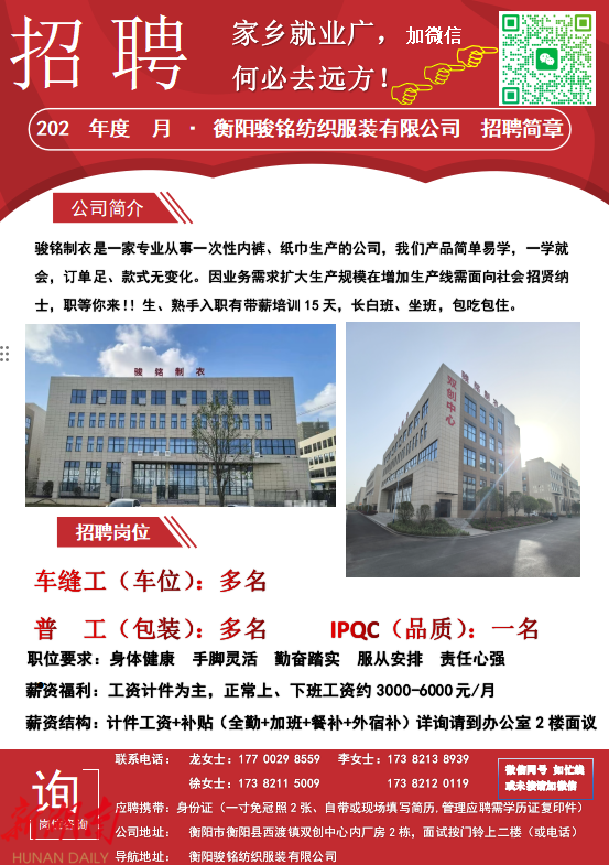 记者带你找工作——衡阳骏铭纺织服装有限公司
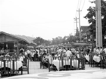 据经营该啤酒广场的钟老鸭老板钟怀智介绍,他们投入了100多万元,在黄龙溪河边的榕树滩啤酒广场上摆放了300多张桌子,搭建了舞台和食品操作房。菜品除熟食、中餐和烧烤系列之外,还有叶儿粑、鸭肉粥、冰银耳等小吃;舞台是整个啤酒广场的亮点,节目表演与游客互动游戏和抽奖穿插其中。他说,这种啤酒广场其实是把市内的酒廊和演艺吧搬到了景区和室外,环境更为舒适,美食更加丰盛,价格更加便宜,但又比普通的啤酒广场更有档次和品味。
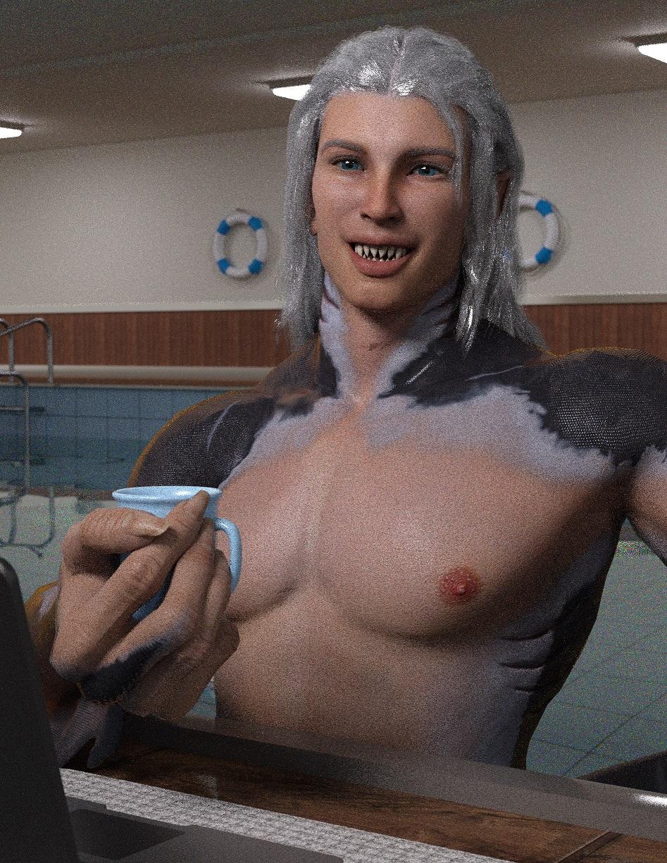 I will try to re-render this scene at a later time and hopefully share in the galleries. Just know that this college student shark boy exists.
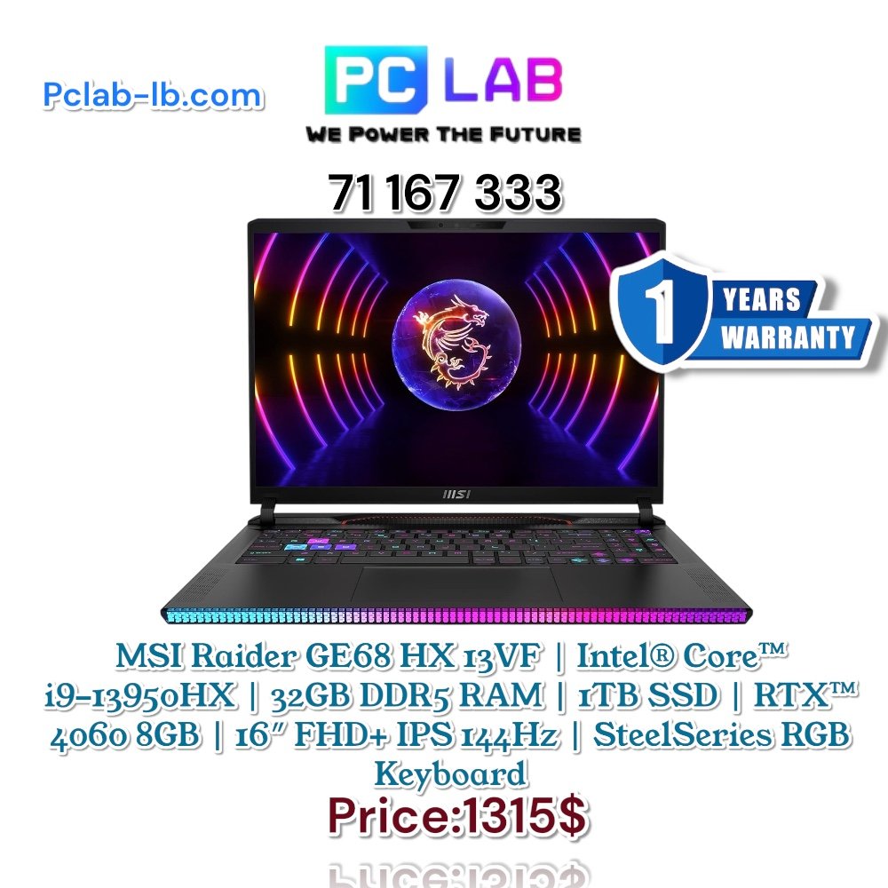 MSI Raider GE68 HX 13VF | Intel® Core™ i9-13950HX | 32GB DDR5 RAM | 1TB SSD | RTX™ 4060 8GB | 16″ FHD+ IPS 144Hz | SteelSeries RGB Keyboard | Windows 11 Home | Black ~ NEW OPEN BOX
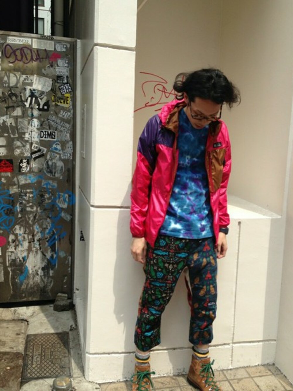 街でもアウトドアアイテムをかっこよく! 柄×柄にナイロンパーカーで、すっきりとしたスタイルに。
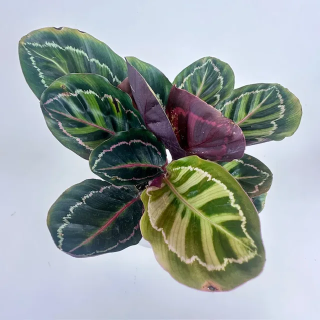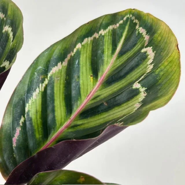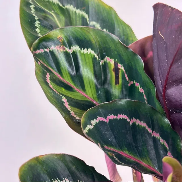 Calathea ‘Dottie’ is characterized by its rich, dark purple leaves and bright pink markings. Bright, indirect light is best, as well as consistently moist soil. But be sure the soil does not become soggy, and do not let the plant sit in water. Dottie loves humidity and moisture, making it a great plant for a bathroom if given adequate light!
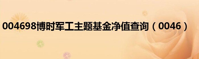 004698博时军工主题基金净值查询(0046)
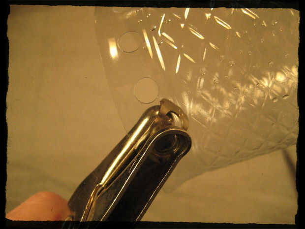 Perfore agujeros en la parte inferior de la botella de 1/2", en el centro.
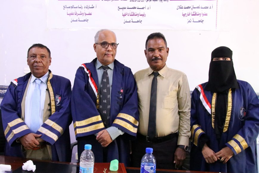 نالت الباحثة *نادية محمد سالم بن عثمان* درجة الدكتوراه بتقدير امتياز من جامعة عدن .
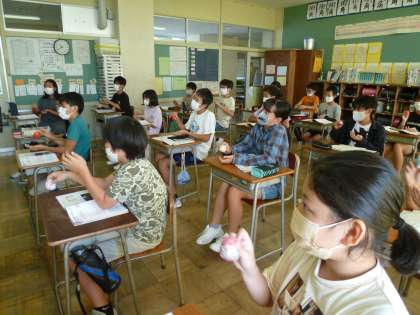 音楽科の時間に、「ハンガリー舞曲」を鑑賞しました。作曲者の工夫を見付ける学習でした。お手玉を音楽に合わせて動かすことで、速度や強弱、弾む音となめらかな音の感じなどを感じ取っていました。
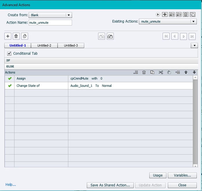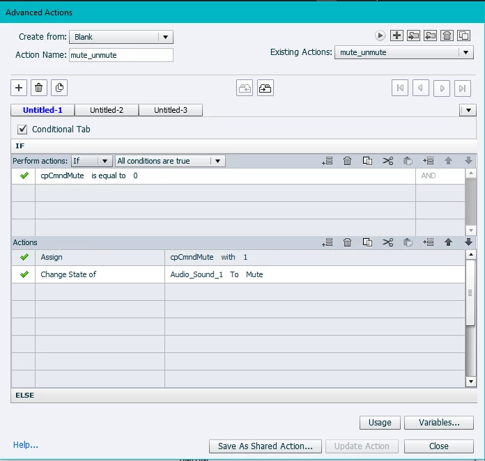 Hey Everyone! I'm new to Captivate but not new, if that makes sense. So I've been scratching my head on something that I've been trying to figure out for days now. I'm building a curriculum for a client and I created a custom mute/unmute button to be used on slide videos. I have multiple slide videos that play one after another and I THOUGHT that when I created my custom mute/unmute button and created a variable for mute and assigned it, put 0 and 1 or true and false in their respective places in the AA and all that jazz, that once the mute button was clicked and is "on", it did not matter when the slide video with audio ended and the next one started, it would still stay muted.
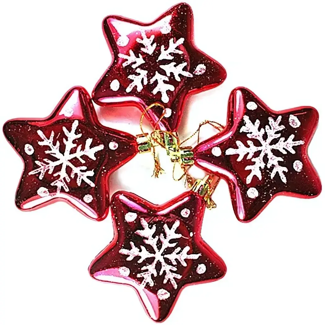 Набор ёлочных украшений Звезда, прозрачные красные с белым узором, 7 см, 4 шт, на золотистой нити с зажимами
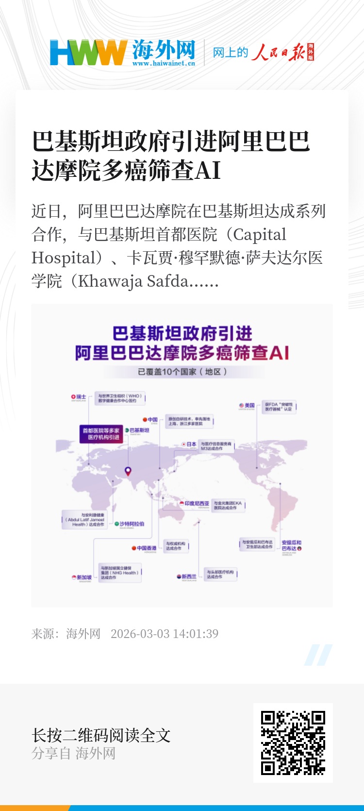 巴基斯坦信息技术和通信部部长莎萨·法蒂玛·赫瓦贾曾在中国访问时了解到达摩院多癌筛查AI,随后积极推动引入。她表示:“巴基斯坦正在构建一个包容的人工智能创新生态,医疗健康更是巴基斯坦首个国家人工智能政策(National AI Policy)的优先关注领域。这项中国技术非常契合巴基斯坦的需求,我们欢迎像阿里巴巴这样的领先企业带来前沿AI,惠及更多民众。”
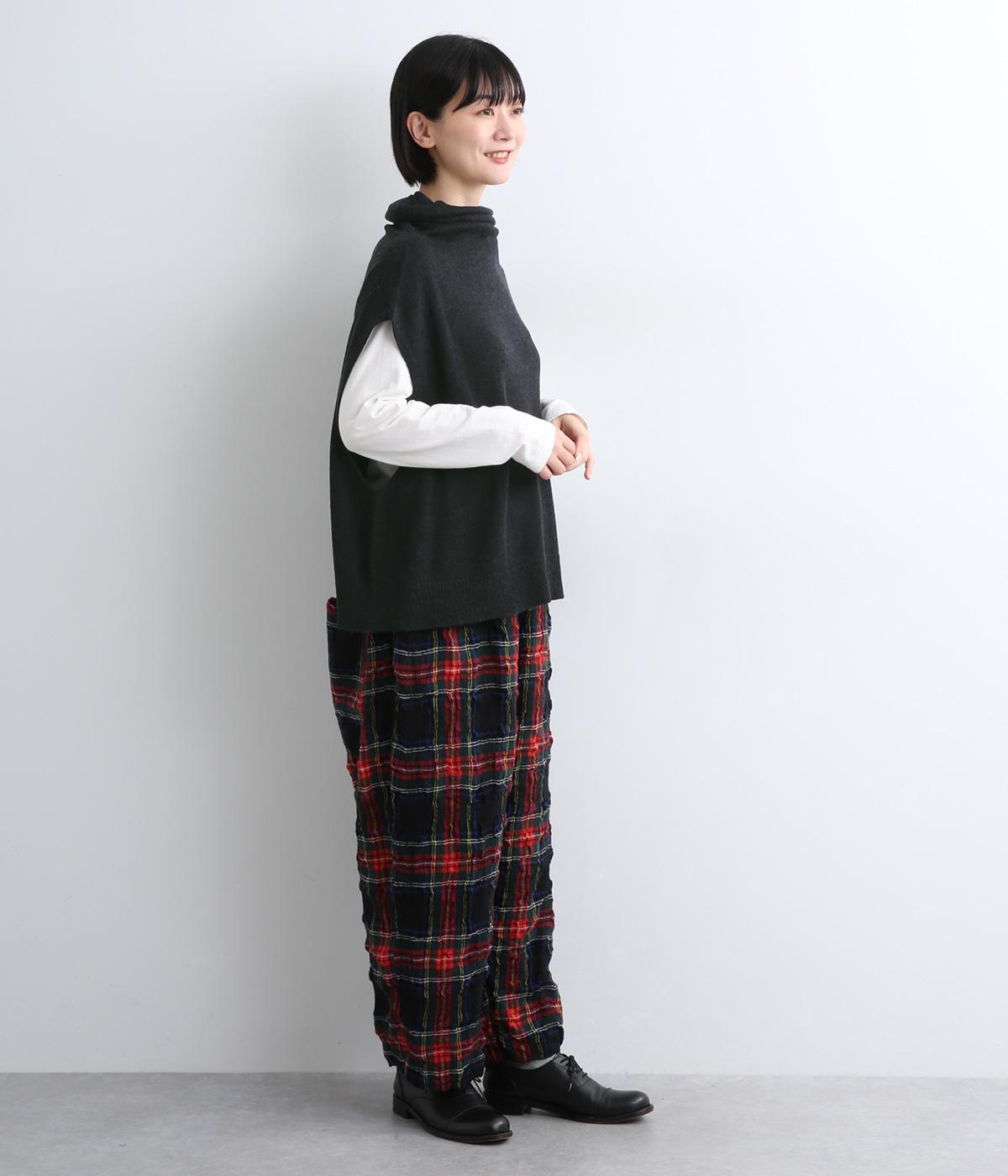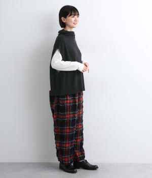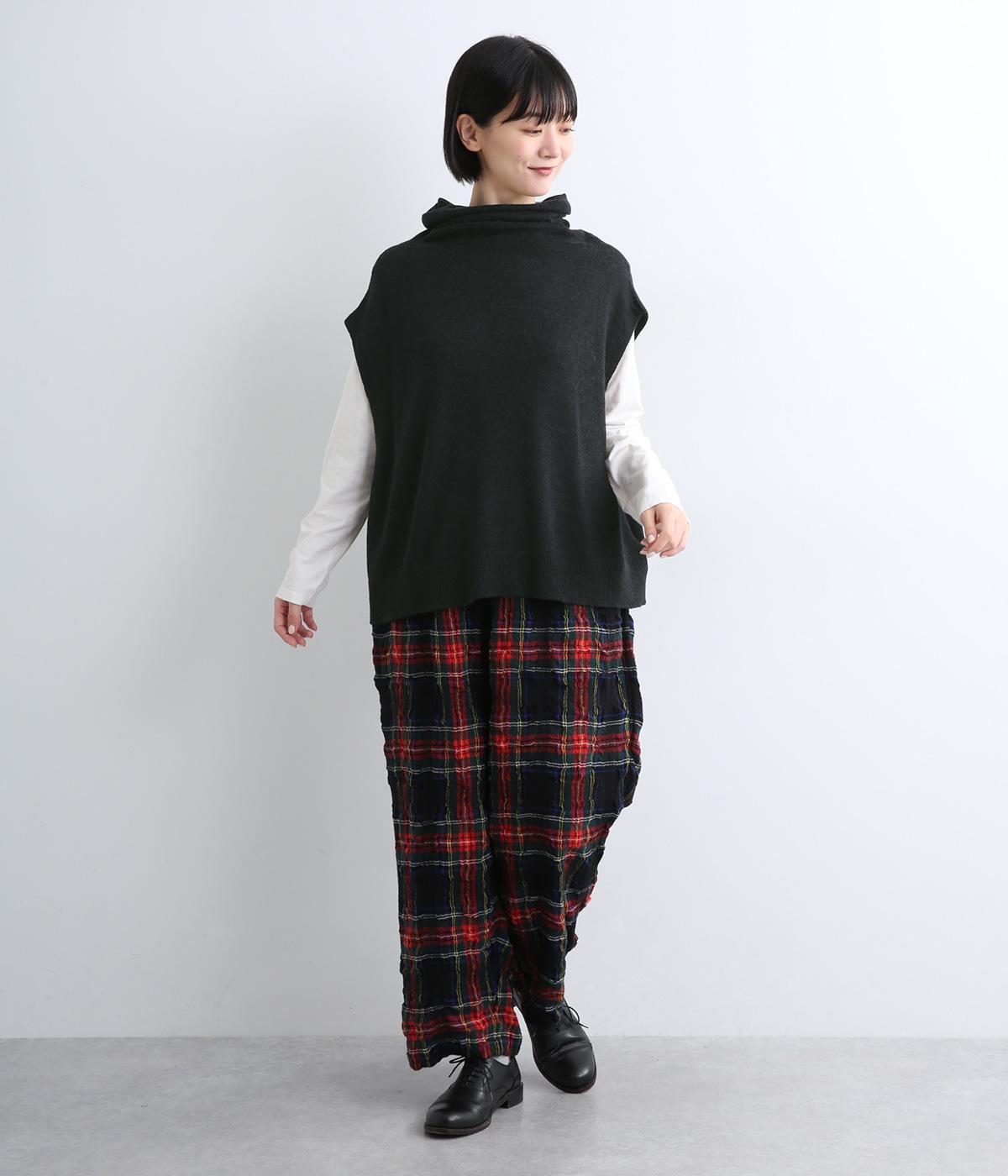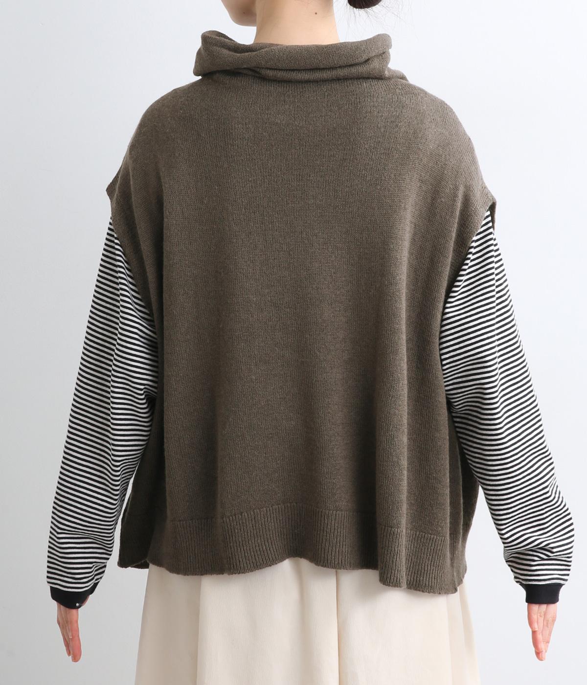 ゆったりとしたオフタートルネックが顔まわりにニュアンスをもたらすベスト。ゆとりのあるシルエットでレイヤードしやすく、シンプルな合わせにプラスするだけでお洒落なスタイリングへと導いてくれます。
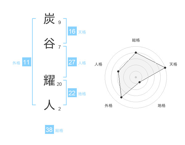 炭谷 耀人さんの総格は38画の4点!
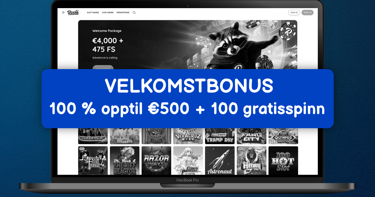 Rooli Casino tilbyr en velkomstpakke for nye kontoer på nettsiden. Pakken kan omfatte 400% opptil $10 000 og opptil 300 gratisspinn, eller 50% opptil $1000 pluss 75 gratisspinn på utvalgte spill. Spillere i Norge aktiverer tilbudet etter registrering og første innskudd på det offisielle kasinoet.
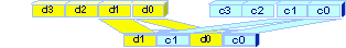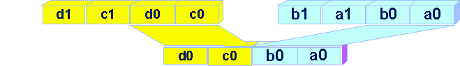 A final Unpack instruction on the two intermediary results gives the first set of results (Figure 8). Note that it is unpacking double words into quadwords. An unpack high of these same two intermediary results gives the second set of results. A similar sequence of Unpack operations is necessary to get the last two results.
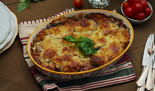 Моцарелла 150 г (заказать все продукты для приготовления в 1 клик) 1. Подготовьте все ингредиенты. 2. Разрежьте баклажаны на ломтики толщиной 1 см. Разогрейте сковороду-гриль и обжарьте баклажаны с обеих сторон. 3. Очистите и мелко нарежьте лук и чеснок. В сковороде разогрейте оливковое масло и обжарьте лук и чеснок с сушеным орегано в течение 10 минут, пока они не станут золотистыми. Добавьте томаты. Дайте овощной смеси прокипеть на небольшом огне 15 минут. Приправьте солью и перцем. Добавьте капельку уксуса и баз
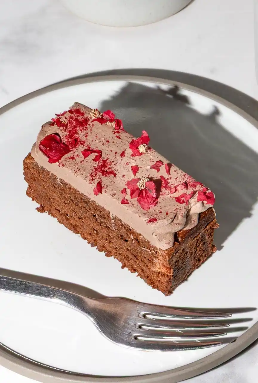 濃厚なチョコレートのコクを丁寧に引き出した、リッチで贅沢な味わいのオリジナルチョコレートケーキです。アーモンドの香ばしさとクリームの優しい甘さが、しっとりとなめらかな口当たりを引き立てます。なめらかなホイップクリームでアイシングし、色鮮やかなペタルとラズベリーパウダーをトッピング。気分も華やぐとっておきのスイーツです。 |
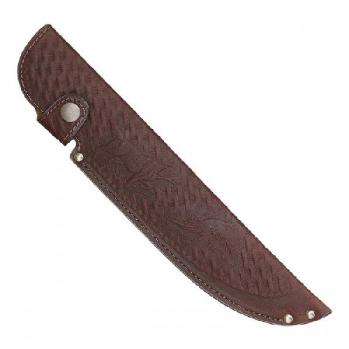Для производства используется элитная кожа натурального сквозного прокраса. Она изготовлена по старинной технологии, не боится влаги, ружейного масла и солнечных лучей. Изделия, выполненные из этой кожи, будут служить долгие годы, сохраняя свой первозданный вид. Длина клинка 23 см.
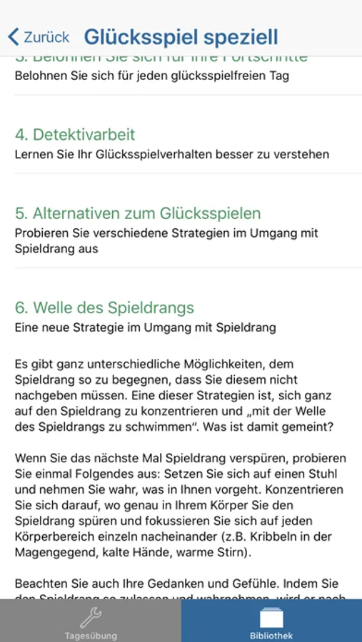 Die in der App verwendeten Selbsthilfe-Übungen basieren auf wissenschaftlich anerkannten Techniken der kognitiven Verhaltenstherapie (KVT) zur Reduktion emotionaler Probleme wie Niedergeschlagenheit und Einsamkeit, aber auch zur Verbesserung von Störungen der Impulskontrolle, die häufig Spielprobleme hervorrufen und/oder aufrechterhalten. Jeden Tag erhalten Sie eine neue Übung. Die Übungen nehmen wenige Minuten in Anspruch und können leicht in den Alltag integriert werden. Eine Push-Nachricht erinnert Sie regelmäßig (optionale Funktion). Sie haben außerdem die Möglichkeit, eigene Übungen oder Leitsätze zu ergänzen oder bestehende Übungen abzuwandeln. Sie können die App also zu Ihrem persönlichen "Schutzengel" ausbauen. Die App passt sich jedoch nicht automatisch dem Nutzungsverhalten an (es wird auf einen Lernalgorithmus verzichtet).
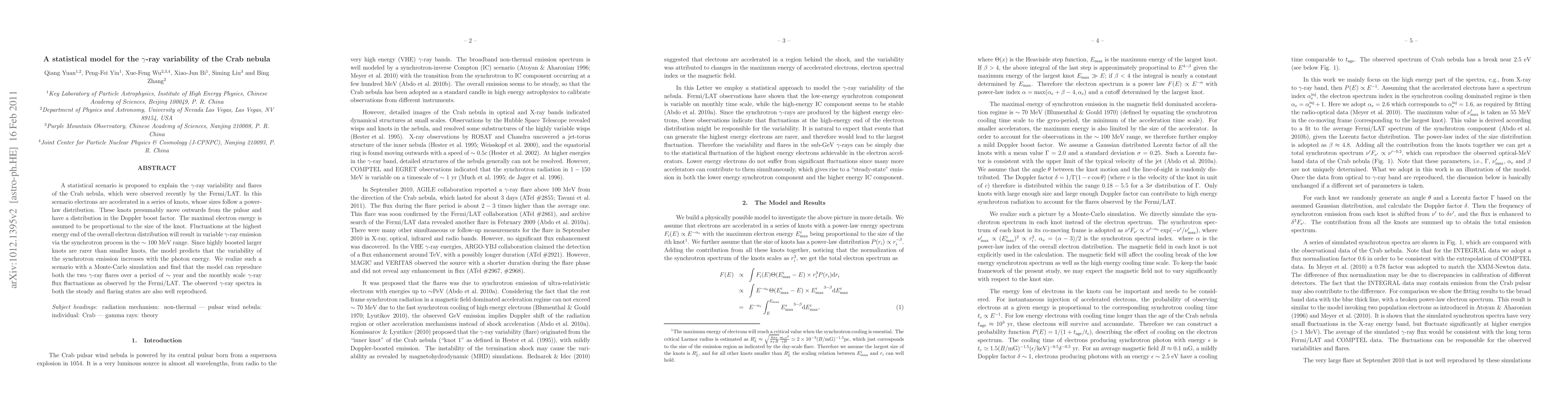 A statistical model explains gamma-ray variability of the Crab nebula by proposing electrons accelerated in knots with varying sizes and energy levels, reproducing observed flares and flux fluctuations.
##############################
> _Task instructions_
In the entries above, find the line that contains "ゆったりとしたオフタートルネ" and the line that contains "Rooli Casino tilbyr". Reproduce exactly those two lines and every line between them, but not the pictures.

> _Reply_
 ゆったりとしたオフタートルネックが顔まわりにニュアンスをもたらすベスト。ゆとりのあるシルエットでレイヤードしやすく、シンプルな合わせにプラスするだけでお洒落なスタイリングへと導いてくれます。
 炭谷 耀人さんの総格は38画の4点!
 Rooli Casino tilbyr en velkomstpakke for nye kontoer på nettsiden. Pakken kan omfatte 400% opptil $10 000 og opptil 300 gratisspinn, eller 50% opptil $1000 pluss 75 gratisspinn på utvalgte spill. Spillere i Norge aktiverer tilbudet etter registrering og første innskudd på det offisielle kasinoet.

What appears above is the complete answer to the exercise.